**Instructions for the task**
Print the data once more, exactly as given. Drop the pictures.

**Data excerpts**
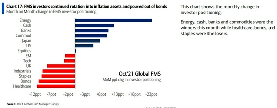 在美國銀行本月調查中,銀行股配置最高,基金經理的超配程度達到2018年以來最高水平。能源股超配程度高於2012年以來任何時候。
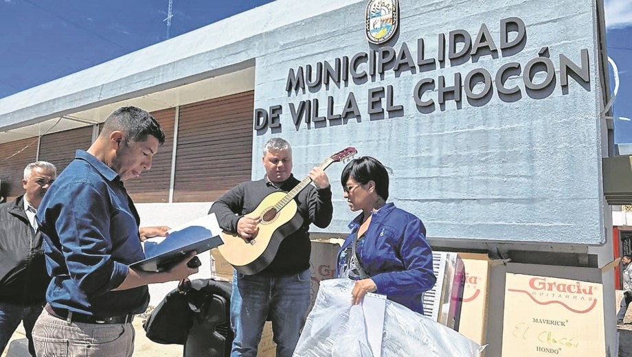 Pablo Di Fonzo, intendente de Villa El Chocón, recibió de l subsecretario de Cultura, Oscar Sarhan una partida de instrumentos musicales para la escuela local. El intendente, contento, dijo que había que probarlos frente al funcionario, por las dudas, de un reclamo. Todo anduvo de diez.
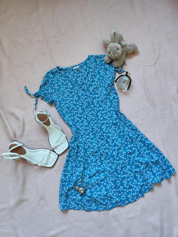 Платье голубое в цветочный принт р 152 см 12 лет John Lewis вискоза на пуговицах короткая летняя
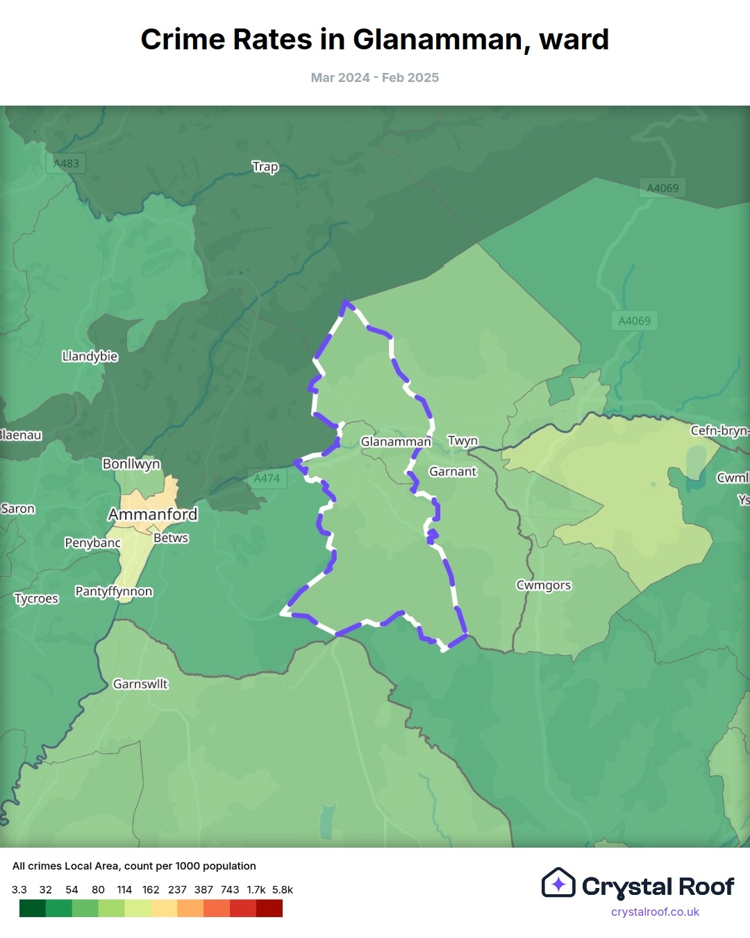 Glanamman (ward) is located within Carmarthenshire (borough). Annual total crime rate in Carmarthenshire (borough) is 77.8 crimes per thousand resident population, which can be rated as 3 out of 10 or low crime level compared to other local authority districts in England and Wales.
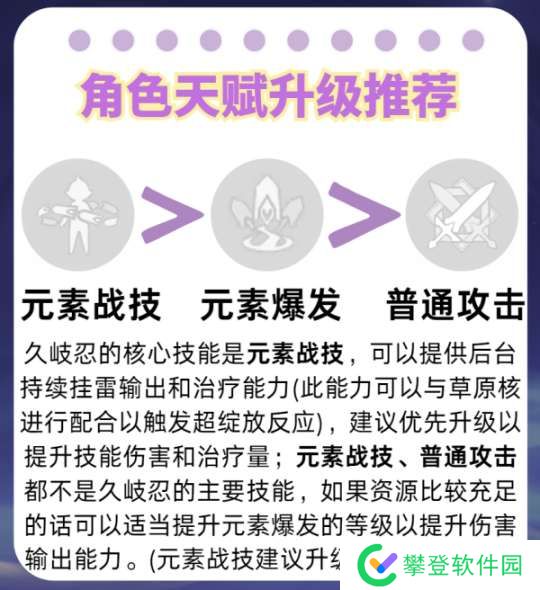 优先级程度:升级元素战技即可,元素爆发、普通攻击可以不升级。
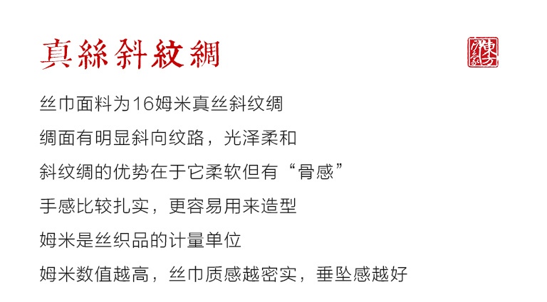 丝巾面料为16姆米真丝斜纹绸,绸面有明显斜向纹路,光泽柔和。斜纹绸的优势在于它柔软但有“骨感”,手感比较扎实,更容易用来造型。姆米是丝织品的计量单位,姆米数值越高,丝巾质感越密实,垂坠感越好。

**Answer for the task**
 在美國銀行本月調查中,銀行股配置最高,基金經理的超配程度達到2018年以來最高水平。能源股超配程度高於2012年以來任何時候。
 Pablo Di Fonzo, intendente de Villa El Chocón, recibió de l subsecretario de Cultura, Oscar Sarhan una partida de instrumentos musicales para la escuela local. El intendente, contento, dijo que había que probarlos frente al funcionario, por las dudas, de un reclamo. Todo anduvo de diez.
 Платье голубое в цветочный принт р 152 см 12 лет John Lewis вискоза на пуговицах короткая летняя
 Glanamman (ward) is located within Carmarthenshire (borough). Annual total crime rate in Carmarthenshire (borough) is 77.8 crimes per thousand resident population, which can be rated as 3 out of 10 or low crime level compared to other local authority districts in England and Wales.
 优先级程度:升级元素战技即可,元素爆发、普通攻击可以不升级。
 丝巾面料为16姆米真丝斜纹绸,绸面有明显斜向纹路,光泽柔和。斜纹绸的优势在于它柔软但有“骨感”,手感比较扎实,更容易用来造型。姆米是丝织品的计量单位,姆米数值越高,丝巾质感越密实,垂坠感越好。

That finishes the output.